TRUPPENDIENST-Redakteurin Anna Hlawatsch traf Oberstleutnant dIntD Hannes Bauer, den stellvertretenden Projektleiter und Referatsleiter Personalbindung und -freisetzung der Abteilung Personalführung und -entwicklung, zum Interview.

TRUPPENDIENST: Warum hat sich das Bundesheer dazu entschieden, Nachwuchs für den Beruf des Militärarztes zu verpflichten?

Hannes Bauer: Der allgemeine Ärztemangel bei einem unveränderten Bedarf an medizinischen Versorgungsleistungen im In- und Ausland hat diesen Schritt notwendig gemacht. Trotz einer Vielzahl an unbesetzten Arbeitsplätzen konnten in den vergangenen Jahren nur wenige besetzt werden. Mit der Etablierung der Militär-Medizinstudenten hoffen wir, dass das bisher überschaubare Interesse am Militärarzt an Fahrt aufnimmt. 

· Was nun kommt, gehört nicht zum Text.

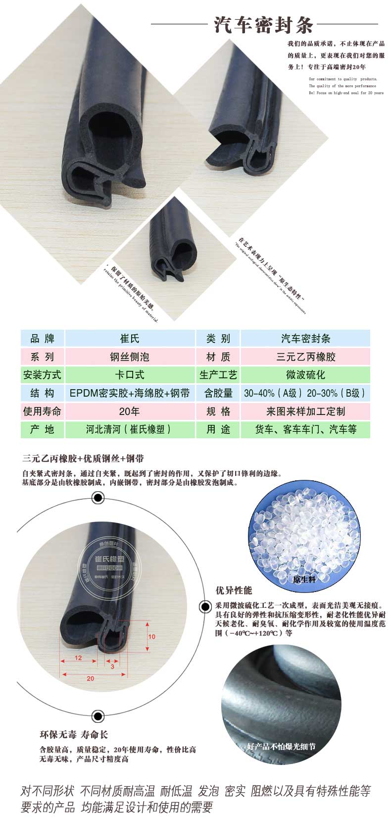 5 20年使用壽命,解決汽車密封條經(jīng)常更換的麻煩。
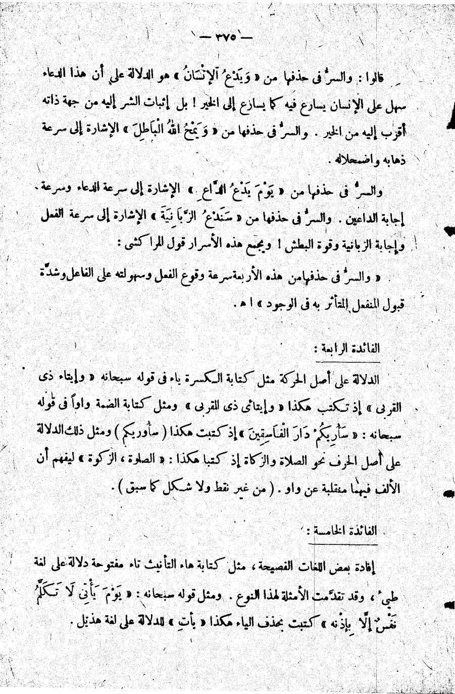 الدلالة على أصل الحركة مثل كتابة الكسرة ياء في قوله سبحانه {وَإِيتَاءِ ذِي الْقُرْبَى} إذ تكتب هكذا وإيتاءى ذي القربى ومثل كتابة الضمة واوا في قوله سبحانه: {سَأُرِيكُمْ دَارَ الْفَاسِقِينَ} إذ كتبت هكذا سأوريكم ومثل ذلك الدلالة على أصل الحرف نحو الصلاة والزكاة إذ كتبا هكذا: الصلوة الزكوة ليفهم أن الألف فيهما منقلبة عن واو. من غير نقط ولا شكل كما سبق.

TD: Warum sind so wenige Medizin-Absolventen an einer Karriere beim Bundesheer interessiert?

Bauer: Wir wissen, dass es nur wenige Medizinstudenten und ausgebildete Ärzte gibt, die die spannenden und komplexen Möglichkeiten im Bundesheer kennen. Gleichzeitig ist uns bewusst, dass die meisten Absolventen in ihrem Fachbereich arbeiten wollen. Viele wollen Krankheiten therapieren oder chirurgisch tätig sein. Diese Vorstellung deckt sich nur zum Teil mit den Möglichkeiten im Bundesheer, das zwar interessante Tätigkeitsbereiche im In- und Ausland bietet, aber im Dienstbetrieb meist wenig komplexe kurative Aufgaben und auch viele gutachterliche Tätigkeiten zu erbringen hat.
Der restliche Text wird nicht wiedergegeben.